**What to do**.
Each entry below is to be transcribed exactly; pictures are not copied.

__________

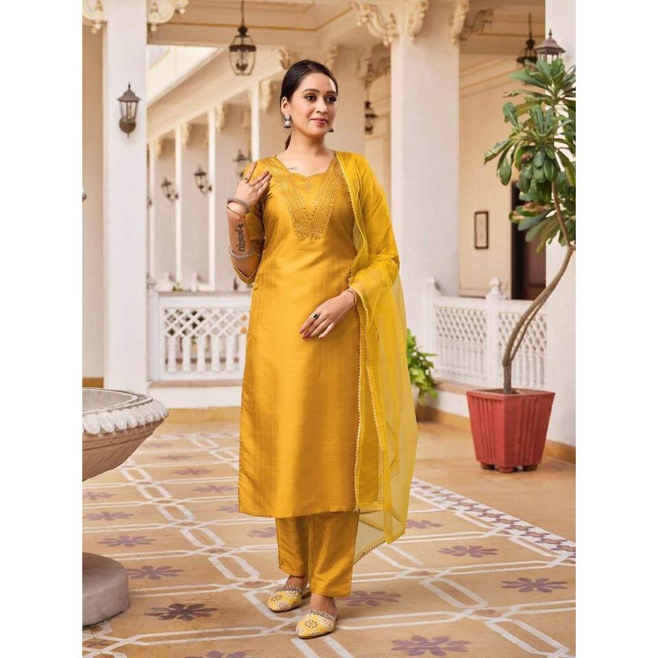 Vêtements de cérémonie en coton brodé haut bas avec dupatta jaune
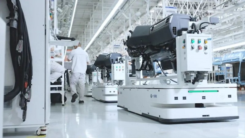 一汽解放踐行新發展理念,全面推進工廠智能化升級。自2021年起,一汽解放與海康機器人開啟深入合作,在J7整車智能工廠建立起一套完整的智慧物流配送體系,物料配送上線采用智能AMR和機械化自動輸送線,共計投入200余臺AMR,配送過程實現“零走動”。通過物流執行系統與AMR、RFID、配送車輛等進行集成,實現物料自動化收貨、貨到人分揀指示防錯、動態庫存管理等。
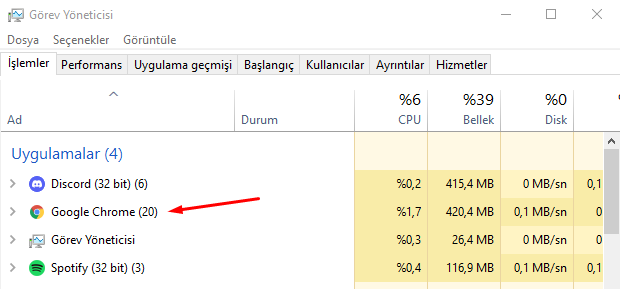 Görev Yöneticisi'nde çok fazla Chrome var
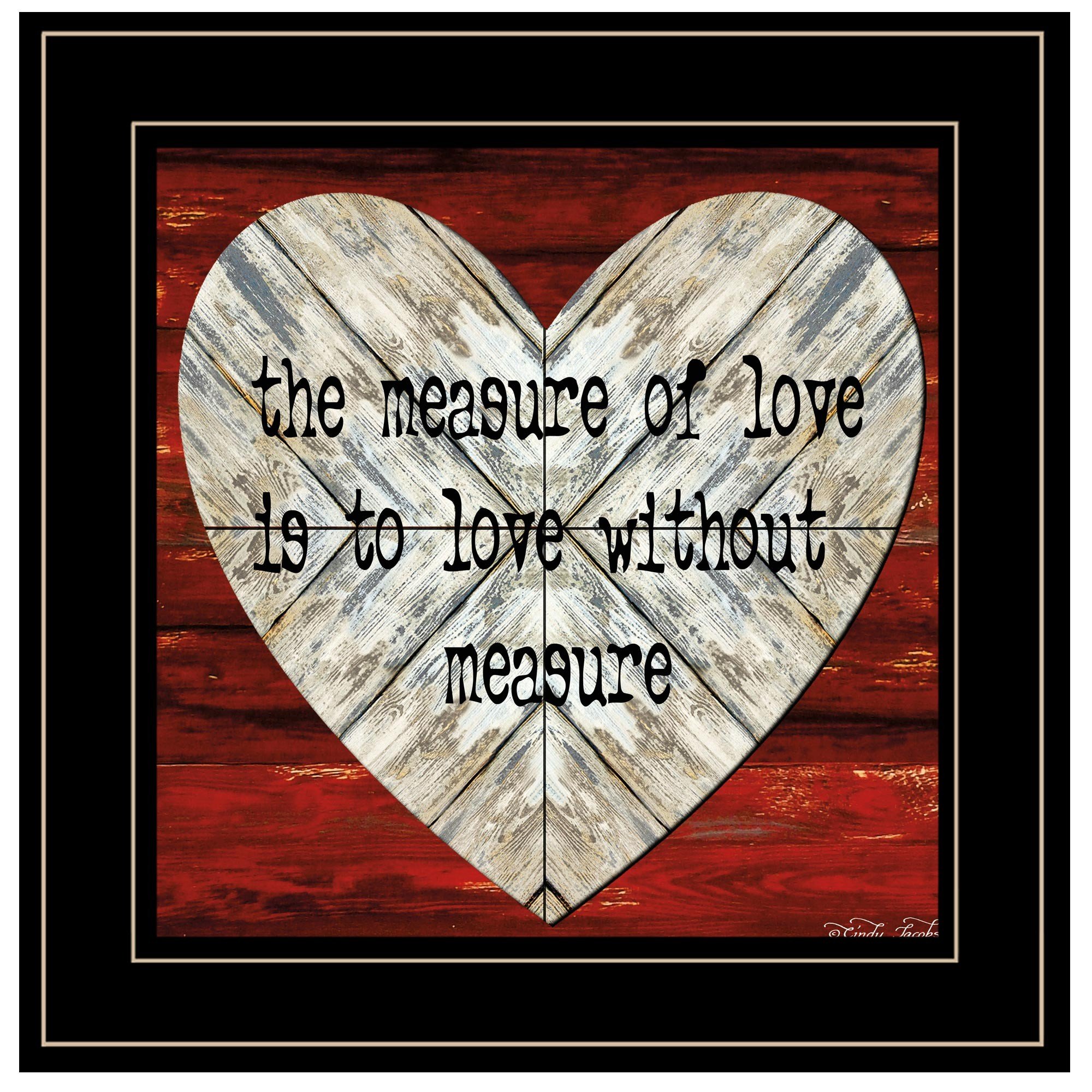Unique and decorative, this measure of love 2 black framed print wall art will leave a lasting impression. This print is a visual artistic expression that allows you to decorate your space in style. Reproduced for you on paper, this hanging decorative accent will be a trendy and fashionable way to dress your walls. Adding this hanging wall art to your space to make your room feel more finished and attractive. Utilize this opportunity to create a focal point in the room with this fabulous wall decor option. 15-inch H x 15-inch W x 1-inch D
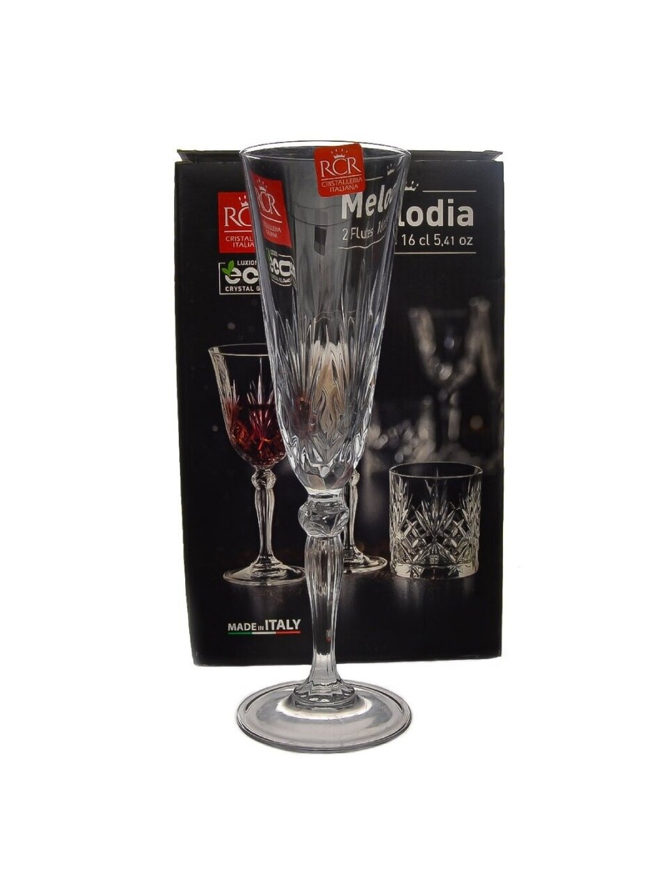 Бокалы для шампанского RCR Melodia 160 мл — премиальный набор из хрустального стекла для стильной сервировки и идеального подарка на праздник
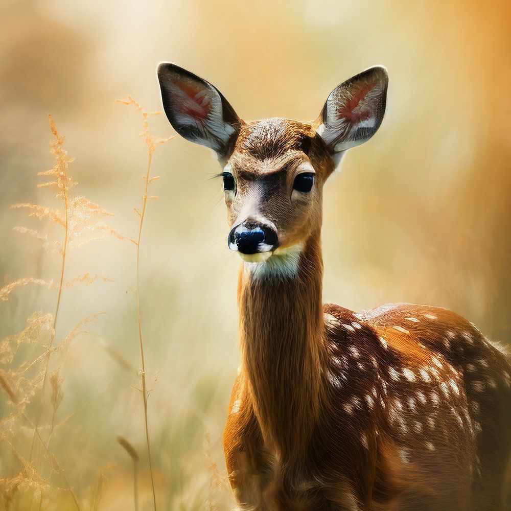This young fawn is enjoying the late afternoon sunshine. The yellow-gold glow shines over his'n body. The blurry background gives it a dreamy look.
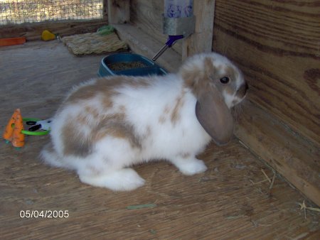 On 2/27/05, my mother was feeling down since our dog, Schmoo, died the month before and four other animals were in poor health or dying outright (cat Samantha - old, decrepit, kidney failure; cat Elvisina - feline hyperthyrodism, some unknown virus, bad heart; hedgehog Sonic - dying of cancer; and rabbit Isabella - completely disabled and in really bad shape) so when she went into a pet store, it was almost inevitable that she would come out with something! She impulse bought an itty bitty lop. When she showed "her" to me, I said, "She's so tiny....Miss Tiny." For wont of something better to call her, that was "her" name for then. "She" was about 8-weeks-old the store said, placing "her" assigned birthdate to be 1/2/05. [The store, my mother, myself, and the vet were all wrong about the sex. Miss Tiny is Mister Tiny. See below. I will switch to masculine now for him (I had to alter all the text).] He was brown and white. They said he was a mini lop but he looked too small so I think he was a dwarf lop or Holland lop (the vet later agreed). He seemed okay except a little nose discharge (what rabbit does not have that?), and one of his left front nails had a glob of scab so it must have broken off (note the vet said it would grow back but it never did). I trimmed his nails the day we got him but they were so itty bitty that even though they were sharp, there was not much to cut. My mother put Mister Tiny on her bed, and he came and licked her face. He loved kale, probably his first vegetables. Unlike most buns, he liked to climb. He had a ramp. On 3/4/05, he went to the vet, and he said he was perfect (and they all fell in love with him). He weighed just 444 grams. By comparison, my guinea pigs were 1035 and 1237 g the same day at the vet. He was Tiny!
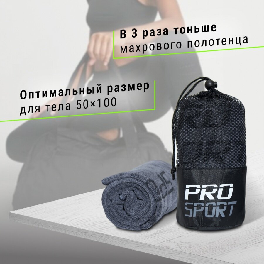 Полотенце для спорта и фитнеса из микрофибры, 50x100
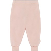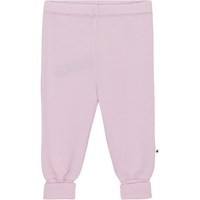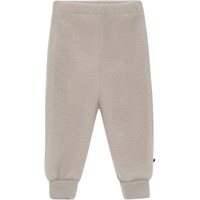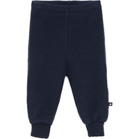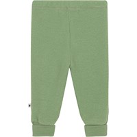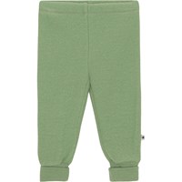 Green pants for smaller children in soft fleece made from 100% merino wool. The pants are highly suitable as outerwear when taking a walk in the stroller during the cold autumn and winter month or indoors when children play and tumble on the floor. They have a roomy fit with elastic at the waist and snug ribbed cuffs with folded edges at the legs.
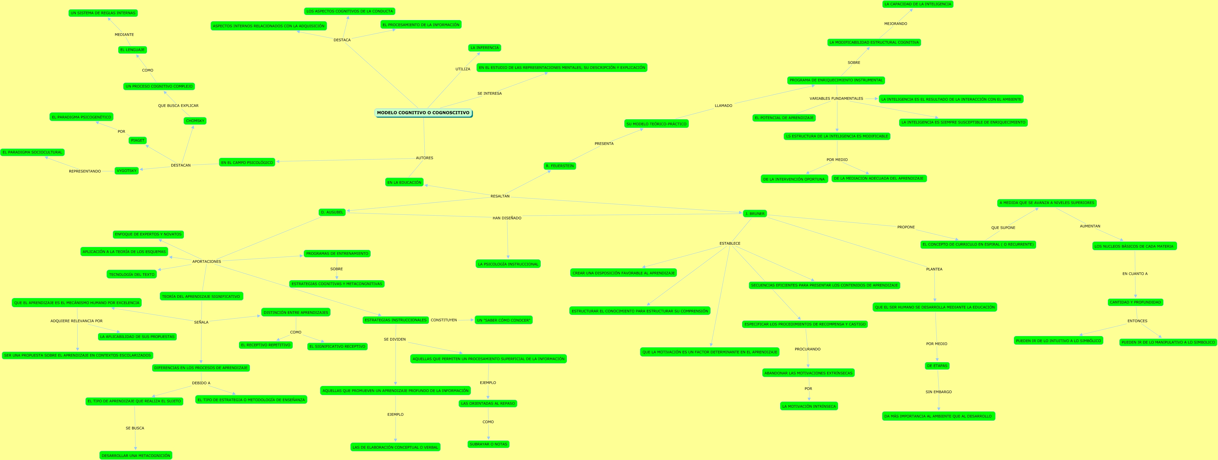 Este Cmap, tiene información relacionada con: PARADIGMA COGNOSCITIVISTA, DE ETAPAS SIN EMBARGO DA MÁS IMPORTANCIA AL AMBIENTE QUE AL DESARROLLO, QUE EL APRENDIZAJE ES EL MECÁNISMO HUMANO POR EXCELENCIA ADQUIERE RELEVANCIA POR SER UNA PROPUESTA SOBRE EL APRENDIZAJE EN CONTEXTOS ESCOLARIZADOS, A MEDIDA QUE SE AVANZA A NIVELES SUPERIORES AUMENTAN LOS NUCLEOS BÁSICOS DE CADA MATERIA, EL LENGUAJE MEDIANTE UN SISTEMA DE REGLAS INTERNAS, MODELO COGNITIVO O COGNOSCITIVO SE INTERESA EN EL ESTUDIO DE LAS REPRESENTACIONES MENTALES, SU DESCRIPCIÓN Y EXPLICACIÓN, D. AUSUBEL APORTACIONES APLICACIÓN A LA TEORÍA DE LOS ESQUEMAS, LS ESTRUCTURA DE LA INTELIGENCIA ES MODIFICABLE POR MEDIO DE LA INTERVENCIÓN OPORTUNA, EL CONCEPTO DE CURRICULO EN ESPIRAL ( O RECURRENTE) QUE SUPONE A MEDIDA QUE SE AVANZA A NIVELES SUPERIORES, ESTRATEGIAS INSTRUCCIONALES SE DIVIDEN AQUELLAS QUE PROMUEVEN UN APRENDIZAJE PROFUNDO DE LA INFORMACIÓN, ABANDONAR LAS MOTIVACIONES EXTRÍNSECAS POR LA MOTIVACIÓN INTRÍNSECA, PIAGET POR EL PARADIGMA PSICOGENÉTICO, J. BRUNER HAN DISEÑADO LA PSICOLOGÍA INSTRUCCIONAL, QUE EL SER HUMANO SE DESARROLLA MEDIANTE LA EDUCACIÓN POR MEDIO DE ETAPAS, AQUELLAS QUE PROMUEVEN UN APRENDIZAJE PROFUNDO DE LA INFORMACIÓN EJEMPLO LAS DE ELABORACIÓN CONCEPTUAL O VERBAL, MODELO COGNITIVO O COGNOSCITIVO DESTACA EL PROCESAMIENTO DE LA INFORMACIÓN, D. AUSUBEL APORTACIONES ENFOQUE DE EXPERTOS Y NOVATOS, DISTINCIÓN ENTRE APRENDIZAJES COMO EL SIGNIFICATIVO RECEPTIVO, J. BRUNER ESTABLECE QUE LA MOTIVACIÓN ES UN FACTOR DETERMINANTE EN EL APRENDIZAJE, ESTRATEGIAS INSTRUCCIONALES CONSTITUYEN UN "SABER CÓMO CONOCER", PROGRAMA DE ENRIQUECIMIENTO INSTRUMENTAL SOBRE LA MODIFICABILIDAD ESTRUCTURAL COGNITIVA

__________

**Your response**.
 Vêtements de cérémonie en coton brodé haut bas avec dupatta jaune
 一汽解放踐行新發展理念,全面推進工廠智能化升級。自2021年起,一汽解放與海康機器人開啟深入合作,在J7整車智能工廠建立起一套完整的智慧物流配送體系,物料配送上線采用智能AMR和機械化自動輸送線,共計投入200余臺AMR,配送過程實現“零走動”。通過物流執行系統與AMR、RFID、配送車輛等進行集成,實現物料自動化收貨、貨到人分揀指示防錯、動態庫存管理等。
 Görev Yöneticisi'nde çok fazla Chrome var
Unique and decorative, this measure of love 2 black framed print wall art will leave a lasting impression. This print is a visual artistic expression that allows you to decorate your space in style. Reproduced for you on paper, this hanging decorative accent will be a trendy and fashionable way to dress your walls. Adding this hanging wall art to your space to make your room feel more finished and attractive. Utilize this opportunity to create a focal point in the room with this fabulous wall decor option. 15-inch H x 15-inch W x 1-inch D
 Бокалы для шампанского RCR Melodia 160 мл — премиальный набор из хрустального стекла для стильной сервировки и идеального подарка на праздник
This young fawn is enjoying the late afternoon sunshine. The yellow-gold glow shines over his'n body. The blurry background gives it a dreamy look.
 On 2/27/05, my mother was feeling down since our dog, Schmoo, died the month before and four other animals were in poor health or dying outright (cat Samantha - old, decrepit, kidney failure; cat Elvisina - feline hyperthyrodism, some unknown virus, bad heart; hedgehog Sonic - dying of cancer; and rabbit Isabella - completely disabled and in really bad shape) so when she went into a pet store, it was almost inevitable that she would come out with something! She impulse bought an itty bitty lop. When she showed "her" to me, I said, "She's so tiny....Miss Tiny." For wont of something better to call her, that was "her" name for then. "She" was about 8-weeks-old the store said, placing "her" assigned birthdate to be 1/2/05. [The store, my mother, myself, and the vet were all wrong about the sex. Miss Tiny is Mister Tiny. See below. I will switch to masculine now for him (I had to alter all the text).] He was brown and white. They said he was a mini lop but he looked too small so I think he was a dwarf lop or Holland lop (the vet later agreed). He seemed okay except a little nose discharge (what rabbit does not have that?), and one of his left front nails had a glob of scab so it must have broken off (note the vet said it would grow back but it never did). I trimmed his nails the day we got him but they were so itty bitty that even though they were sharp, there was not much to cut. My mother put Mister Tiny on her bed, and he came and licked her face. He loved kale, probably his first vegetables. Unlike most buns, he liked to climb. He had a ramp. On 3/4/05, he went to the vet, and he said he was perfect (and they all fell in love with him). He weighed just 444 grams. By comparison, my guinea pigs were 1035 and 1237 g the same day at the vet. He was Tiny!
 Полотенце для спорта и фитнеса из микрофибры, 50x100
 Green pants for smaller children in soft fleece made from 100% merino wool. The pants are highly suitable as outerwear when taking a walk in the stroller during the cold autumn and winter month or indoors when children play and tumble on the floor. They have a roomy fit with elastic at the waist and snug ribbed cuffs with folded edges at the legs.
 Este Cmap, tiene información relacionada con: PARADIGMA COGNOSCITIVISTA, DE ETAPAS SIN EMBARGO DA MÁS IMPORTANCIA AL AMBIENTE QUE AL DESARROLLO, QUE EL APRENDIZAJE ES EL MECÁNISMO HUMANO POR EXCELENCIA ADQUIERE RELEVANCIA POR SER UNA PROPUESTA SOBRE EL APRENDIZAJE EN CONTEXTOS ESCOLARIZADOS, A MEDIDA QUE SE AVANZA A NIVELES SUPERIORES AUMENTAN LOS NUCLEOS BÁSICOS DE CADA MATERIA, EL LENGUAJE MEDIANTE UN SISTEMA DE REGLAS INTERNAS, MODELO COGNITIVO O COGNOSCITIVO SE INTERESA EN EL ESTUDIO DE LAS REPRESENTACIONES MENTALES, SU DESCRIPCIÓN Y EXPLICACIÓN, D. AUSUBEL APORTACIONES APLICACIÓN A LA TEORÍA DE LOS ESQUEMAS, LS ESTRUCTURA DE LA INTELIGENCIA ES MODIFICABLE POR MEDIO DE LA INTERVENCIÓN OPORTUNA, EL CONCEPTO DE CURRICULO EN ESPIRAL ( O RECURRENTE) QUE SUPONE A MEDIDA QUE SE AVANZA A NIVELES SUPERIORES, ESTRATEGIAS INSTRUCCIONALES SE DIVIDEN AQUELLAS QUE PROMUEVEN UN APRENDIZAJE PROFUNDO DE LA INFORMACIÓN, ABANDONAR LAS MOTIVACIONES EXTRÍNSECAS POR LA MOTIVACIÓN INTRÍNSECA, PIAGET POR EL PARADIGMA PSICOGENÉTICO, J. BRUNER HAN DISEÑADO LA PSICOLOGÍA INSTRUCCIONAL, QUE EL SER HUMANO SE DESARROLLA MEDIANTE LA EDUCACIÓN POR MEDIO DE ETAPAS, AQUELLAS QUE PROMUEVEN UN APRENDIZAJE PROFUNDO DE LA INFORMACIÓN EJEMPLO LAS DE ELABORACIÓN CONCEPTUAL O VERBAL, MODELO COGNITIVO O COGNOSCITIVO DESTACA EL PROCESAMIENTO DE LA INFORMACIÓN, D. AUSUBEL APORTACIONES ENFOQUE DE EXPERTOS Y NOVATOS, DISTINCIÓN ENTRE APRENDIZAJES COMO EL SIGNIFICATIVO RECEPTIVO, J. BRUNER ESTABLECE QUE LA MOTIVACIÓN ES UN FACTOR DETERMINANTE EN EL APRENDIZAJE, ESTRATEGIAS INSTRUCCIONALES CONSTITUYEN UN "SABER CÓMO CONOCER", PROGRAMA DE ENRIQUECIMIENTO INSTRUMENTAL SOBRE LA MODIFICABILIDAD ESTRUCTURAL COGNITIVA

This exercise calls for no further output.